RG No 07 / 02071
COUR D'APPEL DE GRENOBLE
CHAMBRE SOCIALE
ARRET DU LUNDI 19 MAI 2008
Appel d'une décision (No RG 06 / 00008)
rendue par le Conseil de Prud'hommes de VALENCE
en date du 15 mai 2007
suivant déclaration d'appel du 30 Mai 2007
APPELANTE :
Madame Fabienne X...
...
Représentée par Me DERBEL (avocat au barreau de VALENCE) substitué par Me CABROL (avocat au barreau de VALENCE)
INTIMEE :
La S. A. R. L. TAXIS DE LA TOUR prise en la personne de sa gérante, Madame B..., en exercice, domicilié en cette qualité audit siège
Les Volonteux
Route de Montmeyran
26760 BEAUMONT LES VALENCE
Représentée par Madame B... (Gérante) assistée par Me Alain BALSAN (avocat au barreau de VALENCE)
COMPOSITION DE LA COUR :
LORS DES DEBATS ET DU DELIBERE :
Monsieur Jean- François GALLICE, Conseiller, faisant fonction de Président,
Monsieur Bernard VIGNY, Conseiller,
Madame Hélène COMBES, Conseiller,
Assistés lors des débats de Madame Simone VERDAN, Greffier.
DEBATS :
A l'audience publique du 01 Avril 2008,
Les parties ont été entendues en leurs conclusions et plaidoirie (s).
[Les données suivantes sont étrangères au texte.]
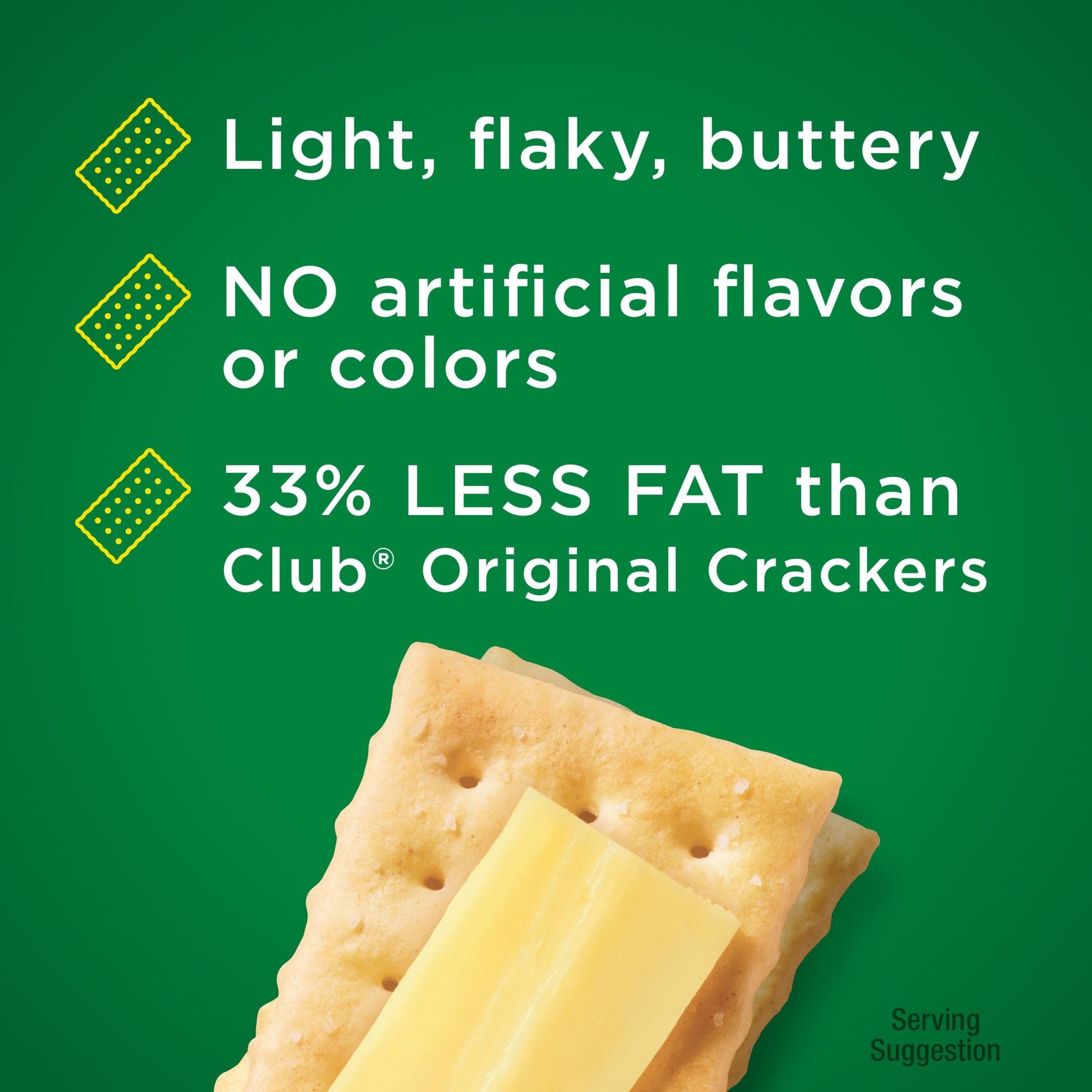 Savor The Light, Flaky, Buttery Taste Of Club Reduced Fat Crackers Wherever You Go. Perfect For Packing In Work Bags And Adding To Lunch Snacks, Enjoy These Crackers On Their Own Or With Cheese, Dips, Spreads Or Toppings. They'Re An Easy Win With 33% Less Fat Than Original Club Crackers*, Contain No Cholesterol (0G Monounsaturated Fat, 1G Polyunsaturated Fat) And Made With No Artificial Colors Or Flavors; Stock Irresistible Club Reduced Fat Crackers In Your Pantry As A Fun, On-The-Go Snack For Everyone. Make Them A Part Of Preparing Quick, Casual Meals. Grab A Stack For Car Rides, School Snacks, Events, Sports Games, And Just About Anywhere Life Takes You. Your Schedule Might Not Always Be Simple, But With The Light Crunch And Buttery Deliciousness Of Club Reduced Fat Crackers, Snacking Is Made Easy. *Compare Reduced Fat Club Crackers With 2G Fat Per Serving To Original Club Crackers With 3G Fat Per Serving

Puis l'affaire a été mise en délibéré au 19 Mai 2008.
L'arrêt a été rendu le 19 Mai 2008.
Madame X... a conclu les contrats de travail suivants :
1o) le 16 mai 1996 avec la S. A. R. L. Ambulance Beaumontoise, en qualité de conducteur de véhicule sanitaire, à raison de 20 heures hebdomadaires. Le gérant de cette Société est Monsieur B....
2o) le 1er avril 1998 avec la S. A. R. L. AMBULANCE BEAUMONTOISE, en la même qualité, à raison de 10 heures hebdomadaires. Le contrat mentionne que le salarié a une ancienneté de 2 ans et 15 jours.
3o) le 1er avril 1998, avec la S. A. R. L. Taxis de la Tour, en qualité de conducteur de véhicule à raison de 10 heures hebdomadaires. Le gérant de cette Société est Madame B..., épouse du gérant de la S. A. R. L. Amublance Beaumontoise. Le contrat mentionne la même ancienneté pour la salariée que le contrat précédent.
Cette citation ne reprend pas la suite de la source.